这与我想要的非常接近,但是必须手动完成并且无法区分不同的会话使其不太有用。
采纳答案by MetalloyD
回答by Anh Huynh
(I'd rather comment than offer this as an actual answer, but I need more reputation to comment.)
(我宁愿发表评论也不愿将其作为实际答案提供,但我需要更多声誉才能发表评论。)
You can store most data-like variables in a systematic way. What I usually do is store all dataframes, arrays, etc. in pandas.HDFStore. At the beginning of the notebook, declare
您可以系统地存储大多数类似数据的变量。我通常做的是将所有数据帧、数组等存储在pandas.HDFStore 中。在笔记本的开头,声明
backup = pd.HDFStore('backup.h5')
and then store any new variables as you produce them
然后在生成它们时存储任何新变量
backup['var1'] = var1
At the end, probably a good idea to do
最后,可能是一个好主意
backup.close()
before turning off the server. The next time you want to continue with the notebook:
在关闭服务器之前。下次要继续使用笔记本时:
backup = pd.HDFStore('backup.h5')
var1 = backup['var1']
Truth be told, I'd prefer built-in functionality in ipython notebook, too. You can't save everything this way (e.g. objects, connections), and it's hard to keep the notebook organized with so much boilerplate codes.
说实话,我也更喜欢 ipython notebook 中的内置功能。您无法以这种方式保存所有内容(例如对象、连接),并且很难用如此多的样板代码保持笔记本的井井有条。
回答by Vasco
This question is related to: How to cache in IPython Notebook?

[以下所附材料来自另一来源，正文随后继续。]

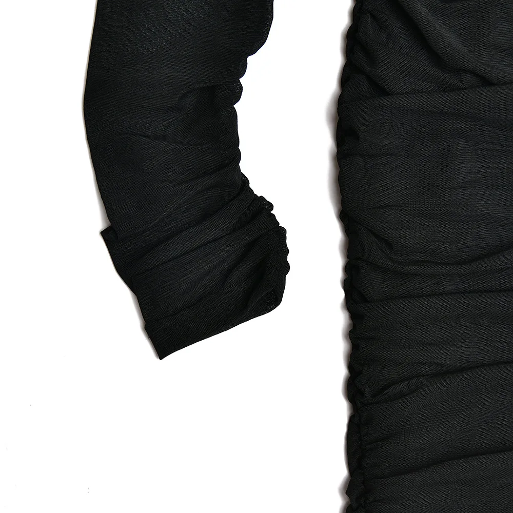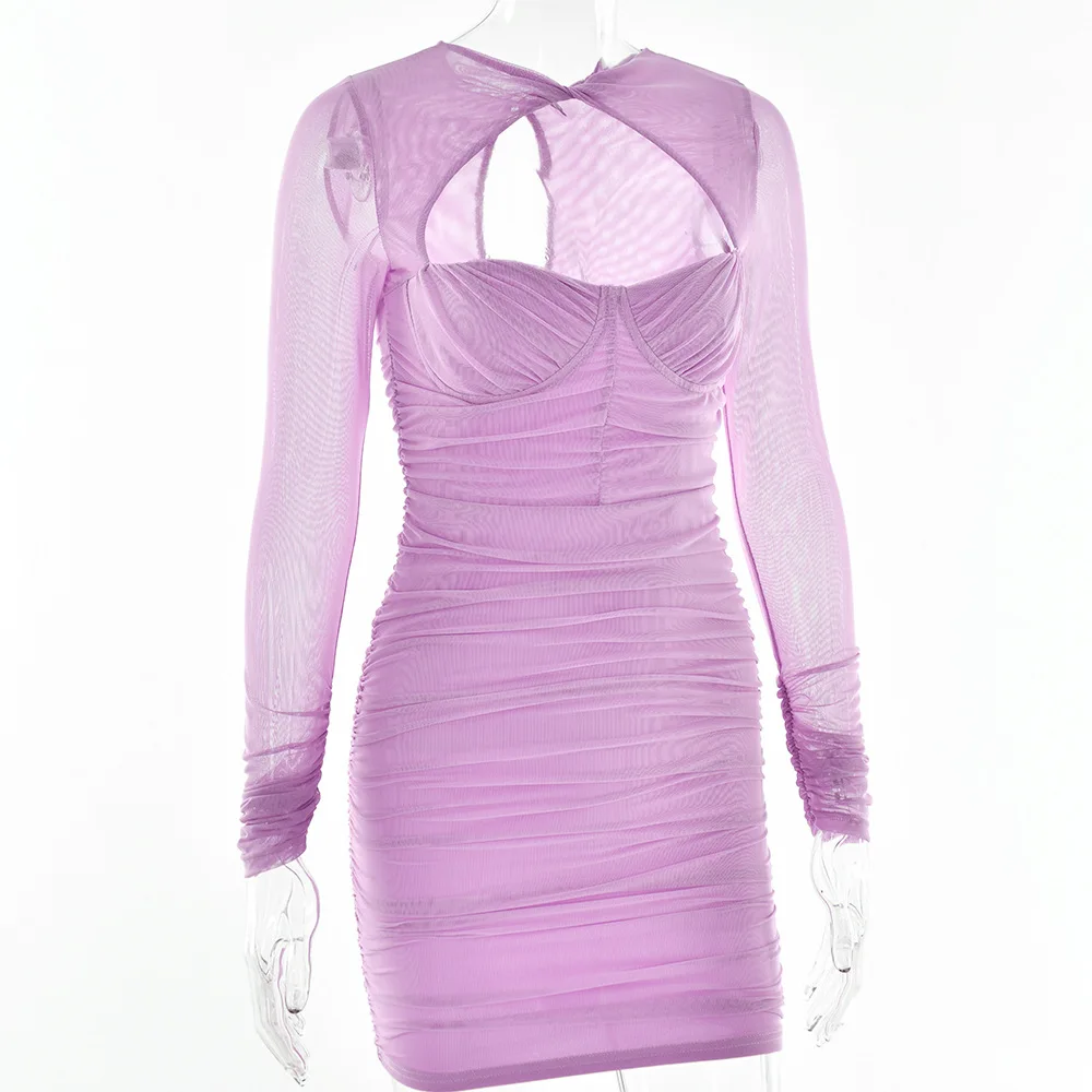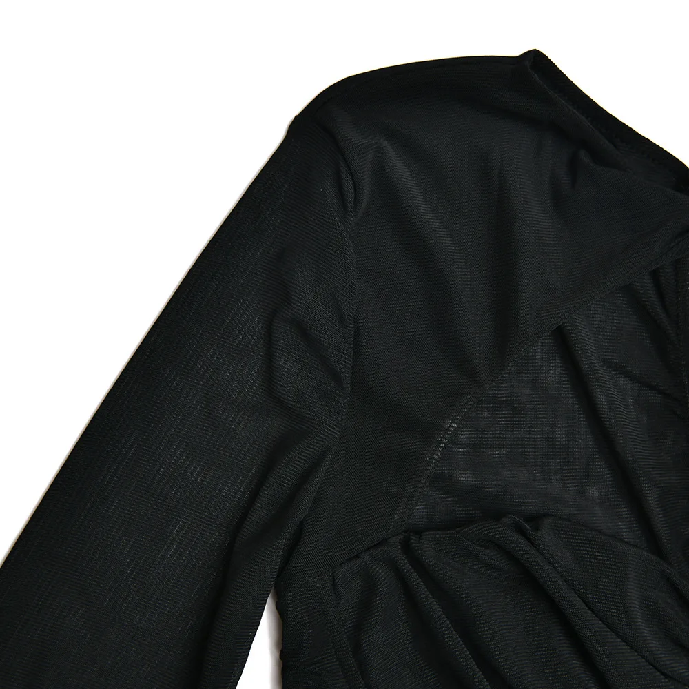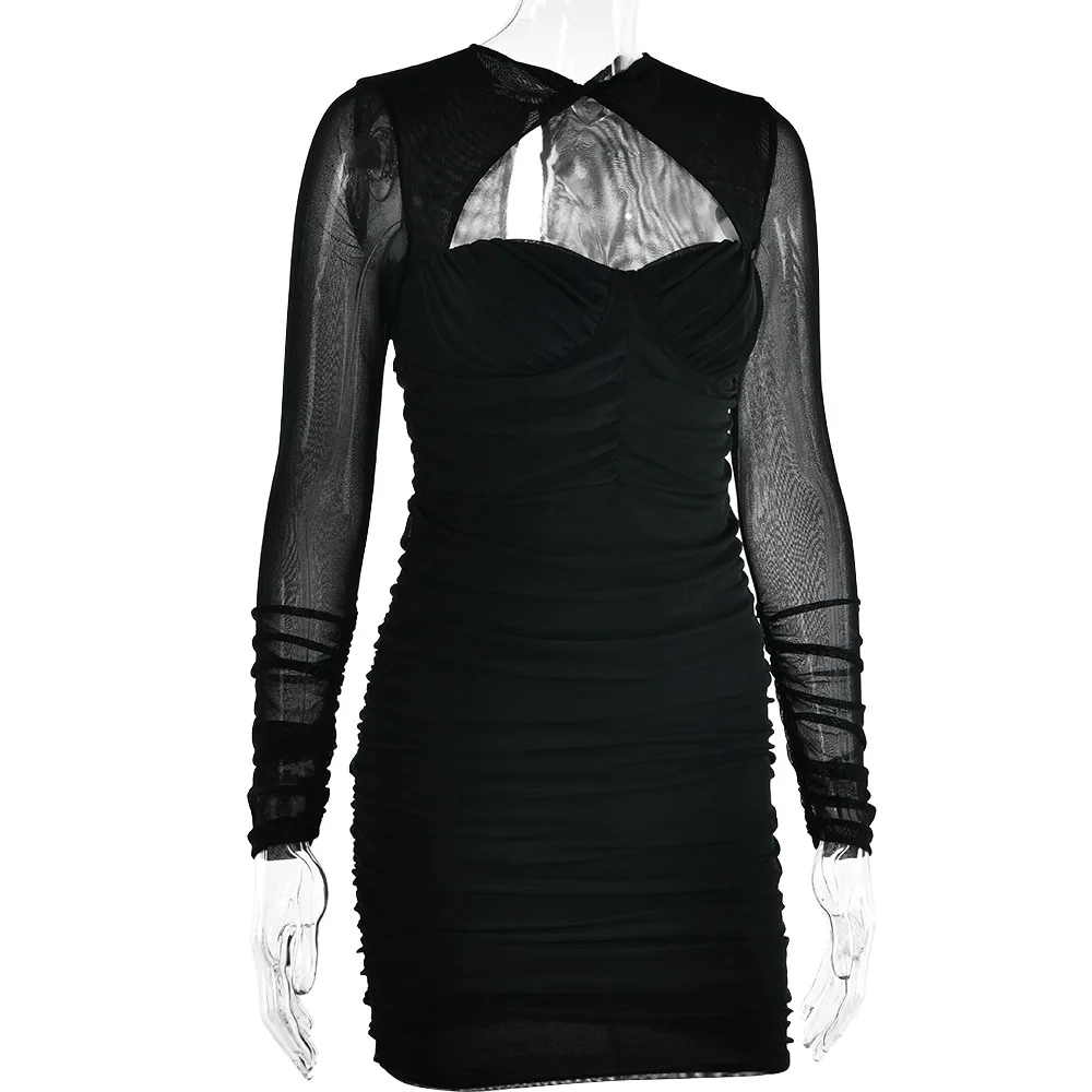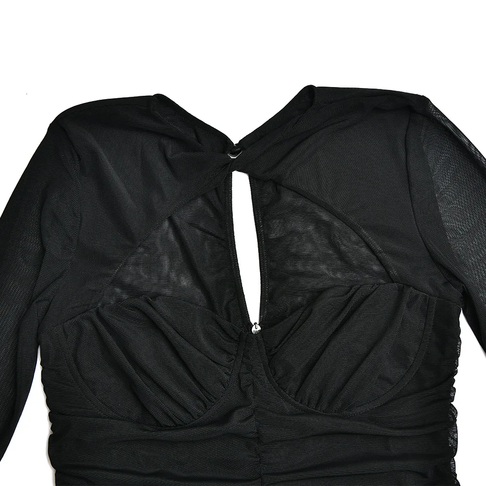 2023 Summer New Hollow Out Low Cut Dress for Sexy Spicy Girls Perspective Long Sleeve Tight Wrapped Hip Skirt

这个问题与:如何在 IPython Notebook 中缓存?
To save the results of individual cells, the caching magiccomes in handy.
为了保存单个单元格的结果,缓存魔法就派上用场了。
%%cache longcalc.pkl var1 var2 var3
var1 = longcalculation()
....
When rerunning the notebook, the contents of this cell is loaded from the cache.
重新运行笔记本时,此单元格的内容将从缓存中加载。
This is not exactly answering your question, but it might be enough to when the results of all the lengthy calculations are recovered fast. This in combination of hitting the run-all button on top of the notebook is for me a workable solution.
这并不能完全回答您的问题,但是当所有冗长计算的结果快速恢复时可能就足够了。这与点击笔记本顶部的全部运行按钮相结合,对我来说是一个可行的解决方案。
The cache magic cannot save the state of a whole notebook yet. To my knowledge there is no other system yet to resume a "notebook". This would require to save all the history of the python kernel. After loading the notebook, and connecting to a kernel, this information should be loaded.
缓存魔法救不了整个笔记本的状态还没有。据我所知,还没有其他系统可以恢复“笔记本”。这将需要保存 python 内核的所有历史记录。加载笔记本并连接到内核后,应加载此信息。